P_M(Y \mid \operatorname{do}(X=x))=P_{M_x}(Y).

The formula gives a compact handle on paths and blocked paths. It should not be read as a purely algebraic identity. In causal inference, equations encode assumptions about mechanisms, missing variables, and which parts of the world remain stable under intervention.

Causal object	Meaning	AI interpretation
Variable	Quantity in the causal system	Prompt feature, user action, treatment, tool call, exposure, label, reward
Mechanism	Assignment that generates a variable	Data pipeline, recommender policy, human behavior, model routing rule
Graph	Qualitative causal assumptions	What can affect what, and which paths may confound effects
Intervention	Replacement of a mechanism	A/B rollout, policy switch, prompt template change, retrieval update
Counterfactual	Unit-level alternate world	What this user or model trace would have done under another action

Three examples of paths and blocked paths:

A recommender team wants the causal effect of ranking a document higher, not merely the correlation between rank and clicks.
An LLM platform changes a safety policy and wants to estimate whether refusals changed because of the policy or because user prompts shifted.
A fairness auditor asks whether a proxy feature transmits an impermissible causal path into a model decision.

Two non-examples expose the boundary:

A high predictive coefficient is not a causal effect unless the graph and intervention assumptions justify it.
A plausible narrative produced by a language model is not a counterfactual unless it is grounded in a causal model.

The proof habit for paths and blocked paths is to name the graph operation. Conditioning restricts a distribution. Intervention replaces a mechanism. Counterfactual reasoning updates exogenous uncertainty from evidence, changes a mechanism, then predicts.

observed association:      P(Y | X=x)
intervention question:     P(Y | do(X=x))
counterfactual question:   P(Y_x | E=e)
discovery question:        which G could have generated P(V)?

In machine learning, paths and blocked paths is valuable because models are often deployed under interventions: ranking changes, policy changes, safety filters, tool-use gates, data collection changes, and human feedback loops. Prediction alone does not tell us which change caused which downstream behavior.

Notebook implementation will use synthetic SCMs and small graphs. This keeps the examples executable while preserving the conceptual split between identification and estimation.

Checklist for using paths and blocked paths responsibly:

State the causal question before choosing a method.
Draw or describe the assumed causal graph.
Mark observed, latent, treatment, outcome, and adjustment variables.
Separate intervention notation from conditioning notation.
Decide whether the query is identifiable before estimating it.
Report assumptions that cannot be tested from the observed data alone.
Use ML as an estimation aid, not as a substitute for causal design.

Thus, paths and blocked paths is not an abstract philosophical add-on. It is a production and research tool for deciding which model, prompt, policy, feature, or intervention actually changed an outcome.

Diagnostic question	Causal discipline it tests
What is being changed?	Intervention target
Which mechanism is replaced?	SCM modularity
Which paths transmit the effect?	Graph semantics
Which variables are merely observed?	Conditioning versus intervention
Which quantities are unobserved?	Confounding and counterfactual uncertainty

3.3 d-separation

D-separation belongs to the canonical scope of Structural Causal Models. The central move in causal inference is to distinguish a statistical relation from a claim about what would happen under an intervention.
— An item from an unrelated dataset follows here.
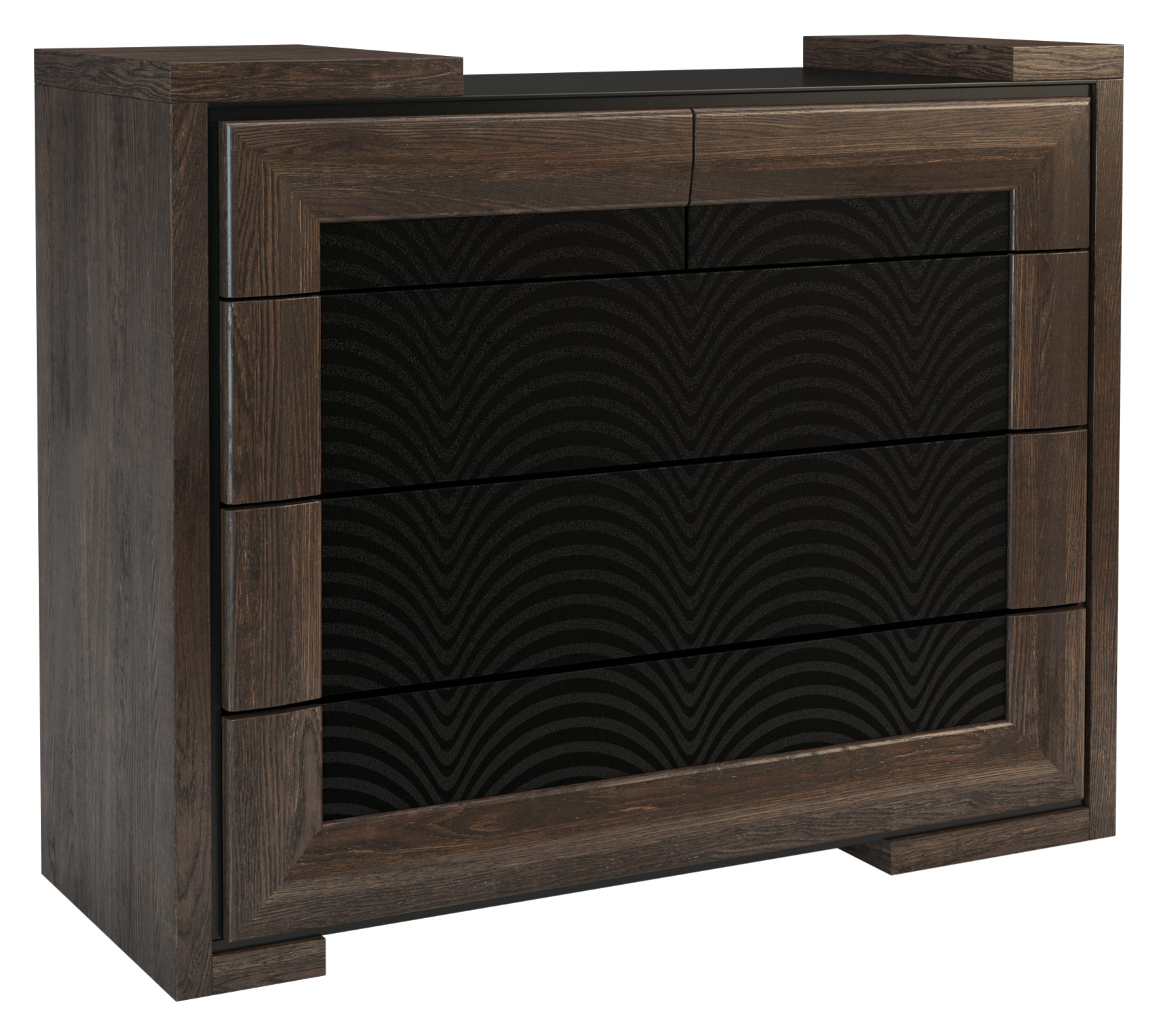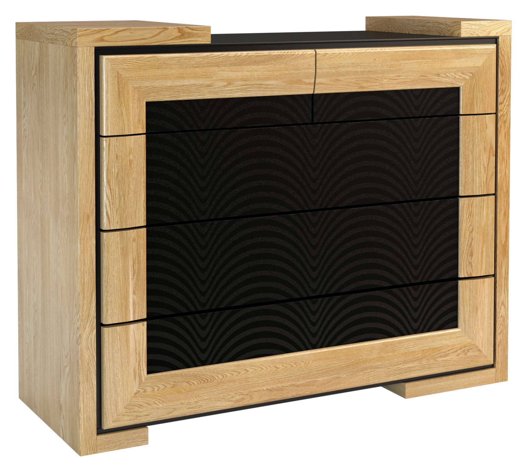 Komoda Corino 5SZ vás zaujme moderním a luxusním designem. Systémový nábytek Corino je jedinečný svými přesnými geometrickými tvary, černým ohraničením a hodní deskou ze skla Lacobel. Komoda je vyrobena z masivního dubové dřeva. Díky kvalitnímu lakování a moření má nábytek přírodní vzhled masivního dřeva a jsou viditelné struktury lét. Máte na výběr ze 2 barevných variant.

M=(\mathbf{U},\mathbf{V},\mathbf{F},P(\mathbf{U})).

The formula gives a compact handle on d-separation. It should not be read as a purely algebraic identity. In causal inference, equations encode assumptions about mechanisms, missing variables, and which parts of the world remain stable under intervention.
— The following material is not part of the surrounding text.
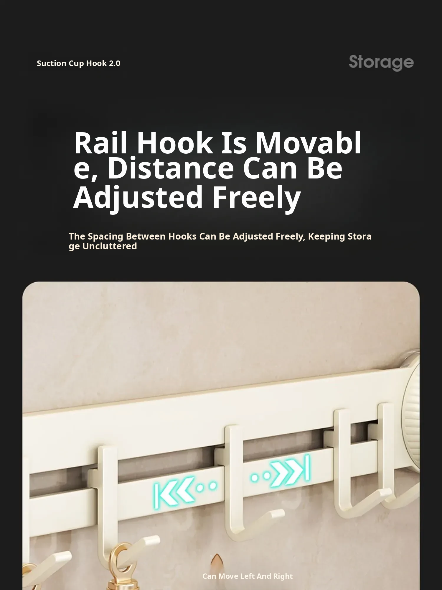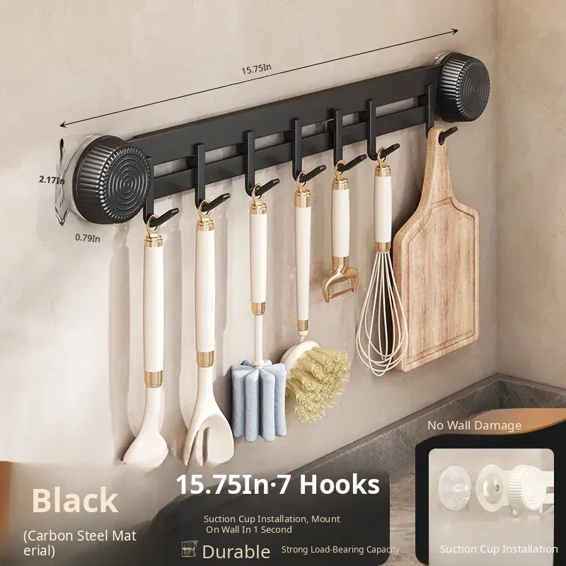 19.69in (9 Hooks, Removable) Suction Cup - Matte Black

Causal object	Meaning	AI interpretation
Variable	Quantity in the causal system	Prompt feature, user action, treatment, tool call, exposure, label, reward
Mechanism	Assignment that generates a variable	Data pipeline, recommender policy, human behavior, model routing rule
Graph	Qualitative causal assumptions	What can affect what, and which paths may confound effects
Intervention	Replacement of a mechanism	A/B rollout, policy switch, prompt template change, retrieval update
Counterfactual	Unit-level alternate world	What this user or model trace would have done under another action

Three examples of d-separation:

A recommender team wants the causal effect of ranking a document higher, not merely the correlation between rank and clicks.
An LLM platform changes a safety policy and wants to estimate whether refusals changed because of the policy or because user prompts shifted.
A fairness auditor asks whether a proxy feature transmits an impermissible causal path into a model decision.
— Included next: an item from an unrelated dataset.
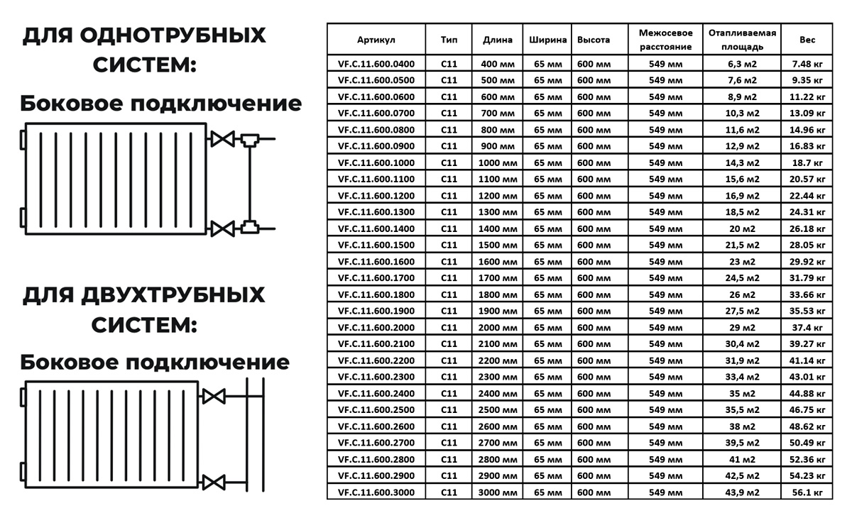 Радиатор панельный VALFEX STEEL C11 400-600 ГОСТ 31311-2005 боковое подключение

Two non-examples expose the boundary:

A high predictive coefficient is not a causal effect unless the graph and intervention assumptions justify it.
A plausible narrative produced by a language model is not a counterfactual unless it is grounded in a causal model.

The proof habit for d-separation is to name the graph operation. Conditioning restricts a distribution. Intervention replaces a mechanism. Counterfactual reasoning updates exogenous uncertainty from evidence, changes a mechanism, then predicts.

observed association:      P(Y | X=x)
intervention question:     P(Y | do(X=x))
counterfactual question:   P(Y_x | E=e)
discovery question:        which G could have generated P(V)?

In machine learning, d-separation is valuable because models are often deployed under interventions: ranking changes, policy changes, safety filters, tool-use gates, data collection changes, and human feedback loops. Prediction alone does not tell us which change caused which downstream behavior.

Notebook implementation will use synthetic SCMs and small graphs. This keeps the examples executable while preserving the conceptual split between identification and estimation.

Checklist for using d-separation responsibly:

State the causal question before choosing a method.
Draw or describe the assumed causal graph.
Mark observed, latent, treatment, outcome, and adjustment variables.
Separate intervention notation from conditioning notation.
Decide whether the query is identifiable before estimating it.
Report assumptions that cannot be tested from the observed data alone.
Use ML as an estimation aid, not as a substitute for causal design.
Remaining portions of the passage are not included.